Rae felt a brief surge of irritation. “Yeah. And you told me all about you guys going to Rome together. And about making out in Berlin. You didn’t spare me any detail.”

“That’s different!” Aubrey cried. “I wanted to tell you those things, but I—I couldn’t. We haven’t even been speaking. And I was confused. I didn’t understand why Gabe and I kept kissing.”

“Because you’re into him.”

“Yeah.” Aubrey dropped her head to her knees again. “Thanks.”

Rae ran her hand over the shaved patch at the back of her head. This wasn’t going as well as she’d hoped.

“I’m so unbelievably sick of change,” Aubrey said. “I hate that it’s happening all at once.”

“It isn’t,” Rae said. “You used to wear Adventure Time T-shirts every week and watch High School Musical obsessively. You don’t do that anymore.”

“That’s not what I mean.” Aubrey stood up, the floorboards murmuring. “That’s just growing up. It’s gradual. I tried to feel ready for graduation. And I tried to feel ready for this summer—I genuinely wanted my life to get so much bigger than it was. But I thought, when that happened, we’d be in it together.”

“Well, that’s ridiculous. We can’t be each other’s security blankets forever.”

“Which you made extra sure of. By choosing to go to Australia.”

“Well, where did you want me to go?” Rae couldn’t hide her exasperation. “New York?”

“Yes!” Aubrey said. “Of course I did!”

Rae shut up. What the hell? Aubrey had never said anything like that to her before. They’d never—never—talked about going to college together.

“It was what we planned.” Aubrey played with the ponytail holder around her wrist. “When we watched those old movies that Lucy likes. We talked about riding sleeper trains all over Europe and getting an apartment somewhere so we could be roommates. We were going to spend every summer in a different country.”

“But we were kids! We also talked about living in Antarctica and rescuing penguins.”

“Yeah.” Aubrey’s voice was almost pleading. “But that doesn’t mean it was all bullshit. Does it?”

Rae feigned an interest in the painting on the wall: the silent, unmoving fields, the sun frozen at midday. Of course it was bullshit. It had always been bullshit. Something fun to think about, something fun to dream about, but not something that was supposed to be real.

The last time they’d talked like that, they’d been twelve, maybe thirteen. And they were eighteen now.

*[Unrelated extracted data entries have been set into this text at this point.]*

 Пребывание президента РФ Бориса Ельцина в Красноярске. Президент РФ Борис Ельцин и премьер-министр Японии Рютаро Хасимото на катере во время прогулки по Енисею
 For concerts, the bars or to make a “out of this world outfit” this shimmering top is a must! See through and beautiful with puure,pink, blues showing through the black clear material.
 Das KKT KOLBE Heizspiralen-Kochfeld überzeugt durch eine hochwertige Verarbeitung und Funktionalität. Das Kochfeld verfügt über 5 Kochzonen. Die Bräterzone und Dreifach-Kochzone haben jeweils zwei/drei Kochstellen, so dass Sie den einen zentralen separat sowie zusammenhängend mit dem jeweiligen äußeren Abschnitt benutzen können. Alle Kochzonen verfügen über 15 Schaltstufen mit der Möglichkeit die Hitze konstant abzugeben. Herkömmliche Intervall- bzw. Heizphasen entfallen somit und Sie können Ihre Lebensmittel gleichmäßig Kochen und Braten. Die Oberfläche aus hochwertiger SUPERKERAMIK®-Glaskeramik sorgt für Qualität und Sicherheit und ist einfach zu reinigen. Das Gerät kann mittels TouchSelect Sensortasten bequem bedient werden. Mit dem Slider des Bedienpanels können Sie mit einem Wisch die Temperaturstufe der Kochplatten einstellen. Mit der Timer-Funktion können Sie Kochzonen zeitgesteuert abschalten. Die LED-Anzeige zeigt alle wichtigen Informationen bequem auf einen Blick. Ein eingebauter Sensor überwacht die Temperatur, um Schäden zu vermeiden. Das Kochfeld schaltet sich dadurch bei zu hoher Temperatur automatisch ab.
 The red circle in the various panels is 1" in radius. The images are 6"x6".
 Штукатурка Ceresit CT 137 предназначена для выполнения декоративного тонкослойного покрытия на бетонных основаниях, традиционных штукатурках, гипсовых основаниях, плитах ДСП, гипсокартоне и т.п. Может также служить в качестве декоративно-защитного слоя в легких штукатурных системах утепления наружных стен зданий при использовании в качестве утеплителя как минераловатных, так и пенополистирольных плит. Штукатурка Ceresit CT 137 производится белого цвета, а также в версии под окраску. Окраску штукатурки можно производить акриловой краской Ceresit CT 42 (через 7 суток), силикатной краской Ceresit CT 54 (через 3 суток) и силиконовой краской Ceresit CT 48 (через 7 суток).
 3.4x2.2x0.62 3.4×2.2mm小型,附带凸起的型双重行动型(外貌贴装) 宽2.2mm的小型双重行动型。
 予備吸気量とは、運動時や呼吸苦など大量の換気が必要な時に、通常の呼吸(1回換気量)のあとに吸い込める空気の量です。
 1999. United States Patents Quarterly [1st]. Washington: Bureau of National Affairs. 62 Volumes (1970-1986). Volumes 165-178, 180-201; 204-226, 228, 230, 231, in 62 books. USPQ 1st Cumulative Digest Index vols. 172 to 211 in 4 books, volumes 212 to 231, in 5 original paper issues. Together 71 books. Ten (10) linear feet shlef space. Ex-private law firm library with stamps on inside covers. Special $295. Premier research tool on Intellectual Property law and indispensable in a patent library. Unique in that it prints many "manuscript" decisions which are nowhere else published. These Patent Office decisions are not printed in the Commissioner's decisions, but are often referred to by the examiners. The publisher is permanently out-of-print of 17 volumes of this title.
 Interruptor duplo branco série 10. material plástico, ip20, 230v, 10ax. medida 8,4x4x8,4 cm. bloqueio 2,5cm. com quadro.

Eighteen was when Rae was supposed to give up high school and her friends and her whole life in London. It was when she was supposed to bulldoze over everything and dive headfirst into whatever came next. Exactly the way her mom had.

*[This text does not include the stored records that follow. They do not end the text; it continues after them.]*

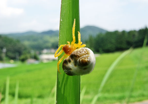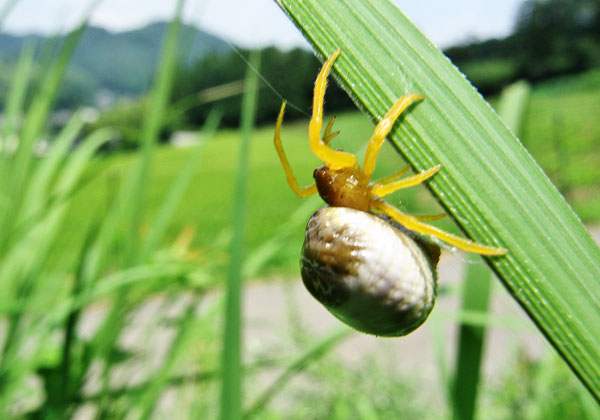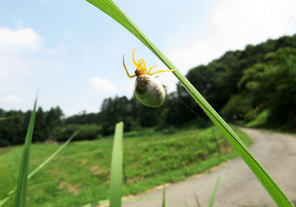 盆の最終日は近場の里山で過ごした。休んでいるところで妻が面白い蜘蛛を見つけた。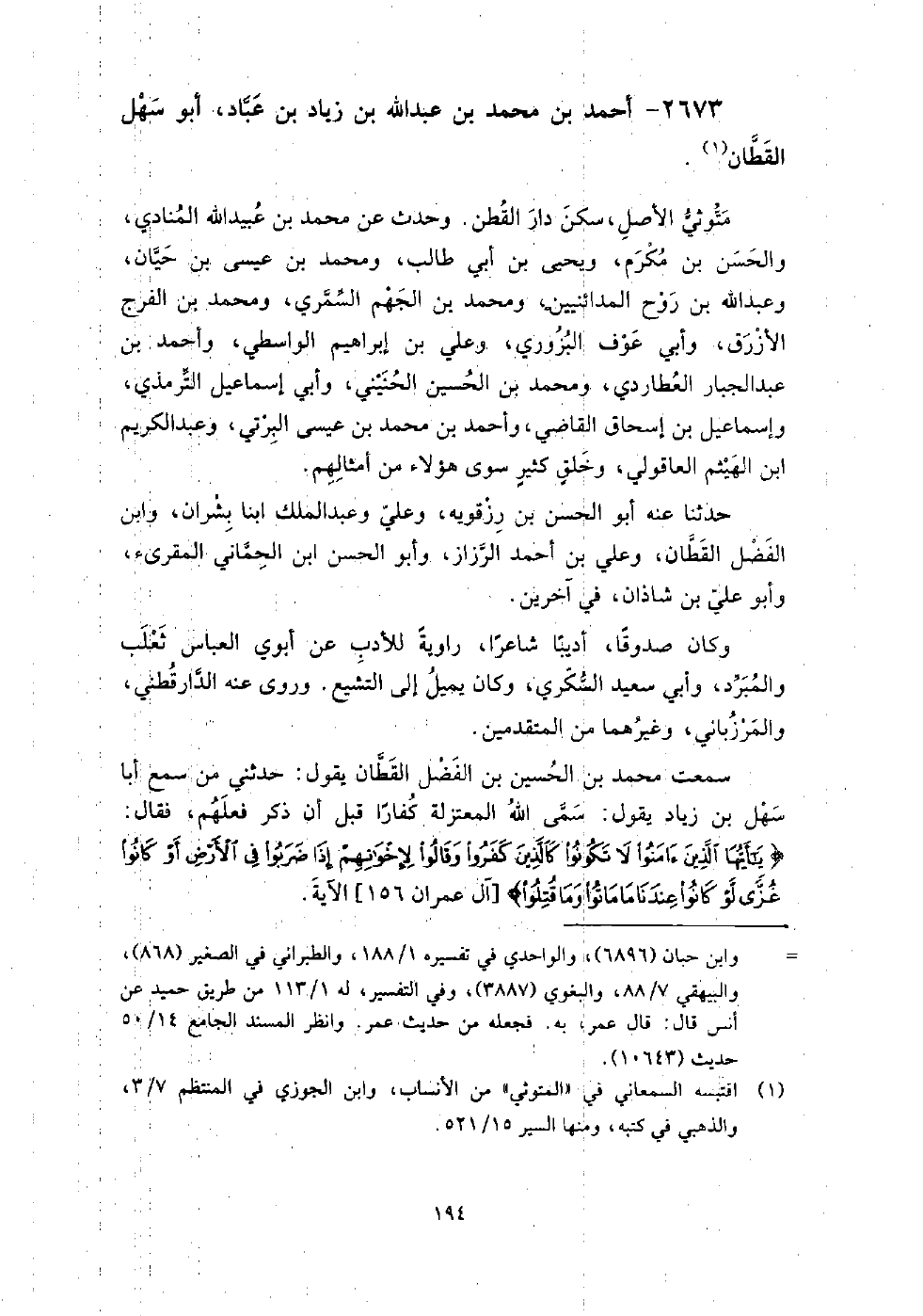 2673 - أَحْمَد بْن مُحَمَّد بْن عَبْد اللَّه بْن زياد بْن عباد أَبُو سهل القطان متوثي الأصل، سكن دار القطن، وحدث عَن مُحَمَّد بْن عبيد اللَّه المنادي، وَالحسن بْن مكرم، ويحيى بْن أَبِي طَالِب، ومحمد بْن عيسى بْن حيان، وعبد اللَّه بْن روح المدائنيين، ومحمد بْن الجهم السمري، ومحمد بْن الفرج الأزرق، وأبي عوف البزوري، وعلي بْن إِبْرَاهِيم الواسطي، وأَحْمَد بْن عَبْد الجبار العطاردي، ومحمد بْن الحسين الحنيني، وأبي إسماعيل الترمذي، وإسماعيل بْن إسحاق القاضي، وأَحْمَد بْن مُحَمَّد بْن عيسى البرتي، وعبد الكريم بْن الهيثم العاقولي، وخلق كثير سوى هؤلاء من أمثالهم.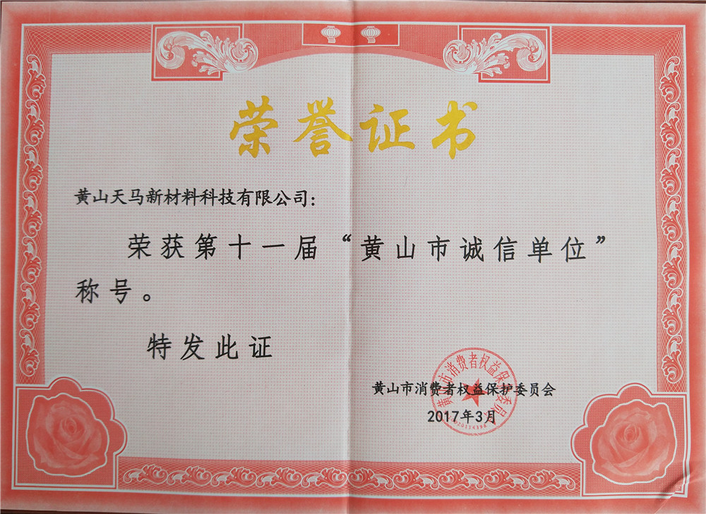 2017年黃山市第十屆“誠信單位”

But she wasn’t stupid—she’d always known that would be tough. So she’d tried to harden herself to the fear, tried to tell herself she didn’t feel it so much.

Rae thumbed through Aubrey’s passport. It was strange, because now she could see that Aubrey and Clara were pretty similar in one way. They both didn’t want to lose everything they had now. They both didn’t want to throw away their home and all the important memories they’d collected over the last few years. Clara had changed Rae’s mind about so many things. She’d made Rae understand that she wanted to hold on, too—to those small, wonderful hopes she had for her future, to all the moments she’d found with Clara.

But, for some reason, Rae hadn’t been trying to keep Aubrey in the same way. She’d been doing exactly what Aubrey had accused her of doing—pushing her aside, closing her out. And at the same time, she’d been pulling Clara closer.

Because she wasn’t ready to let go of Clara yet.

But, maybe, she was ready to let go of Aubrey.

“Don’t worry,” Aubrey said. “I’m not going to leave now.” But her voice sounded cold and flat.

Rae could only nod and stand up. She put Aubrey’s passport on the bed and left the room, closing the door and listening to it click—putting even more walls between them.